Look in the material below for the line with "Botas de agua" and the line with "Unida a la toquilla", then set down exactly those two lines and all lines between, nothing more.

◆ **DATA**
%%

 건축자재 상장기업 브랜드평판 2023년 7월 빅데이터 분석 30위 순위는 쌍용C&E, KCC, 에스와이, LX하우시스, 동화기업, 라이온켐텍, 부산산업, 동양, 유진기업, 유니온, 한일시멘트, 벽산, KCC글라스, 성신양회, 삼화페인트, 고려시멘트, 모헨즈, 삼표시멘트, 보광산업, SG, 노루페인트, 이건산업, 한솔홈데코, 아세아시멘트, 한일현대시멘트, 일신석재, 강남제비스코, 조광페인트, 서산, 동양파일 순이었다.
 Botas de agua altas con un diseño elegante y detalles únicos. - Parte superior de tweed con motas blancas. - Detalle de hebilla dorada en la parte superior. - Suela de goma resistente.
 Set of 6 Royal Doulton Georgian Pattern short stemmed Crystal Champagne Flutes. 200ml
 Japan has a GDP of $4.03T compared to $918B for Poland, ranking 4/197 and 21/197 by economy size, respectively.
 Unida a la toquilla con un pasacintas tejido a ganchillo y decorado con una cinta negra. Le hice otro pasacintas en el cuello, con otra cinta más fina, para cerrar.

%%
%%

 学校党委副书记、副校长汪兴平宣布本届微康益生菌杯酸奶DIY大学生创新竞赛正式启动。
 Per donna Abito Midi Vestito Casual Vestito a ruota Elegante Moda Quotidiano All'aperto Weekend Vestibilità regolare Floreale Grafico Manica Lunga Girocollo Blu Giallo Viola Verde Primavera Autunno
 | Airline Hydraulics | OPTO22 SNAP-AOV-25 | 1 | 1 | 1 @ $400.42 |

%%

◆ **OUTPUT**
 Botas de agua altas con un diseño elegante y detalles únicos. - Parte superior de tweed con motas blancas. - Detalle de hebilla dorada en la parte superior. - Suela de goma resistente.
 Set of 6 Royal Doulton Georgian Pattern short stemmed Crystal Champagne Flutes. 200ml
 Japan has a GDP of $4.03T compared to $918B for Poland, ranking 4/197 and 21/197 by economy size, respectively.
 Unida a la toquilla con un pasacintas tejido a ganchillo y decorado con una cinta negra. Le hice otro pasacintas en el cuello, con otra cinta más fina, para cerrar.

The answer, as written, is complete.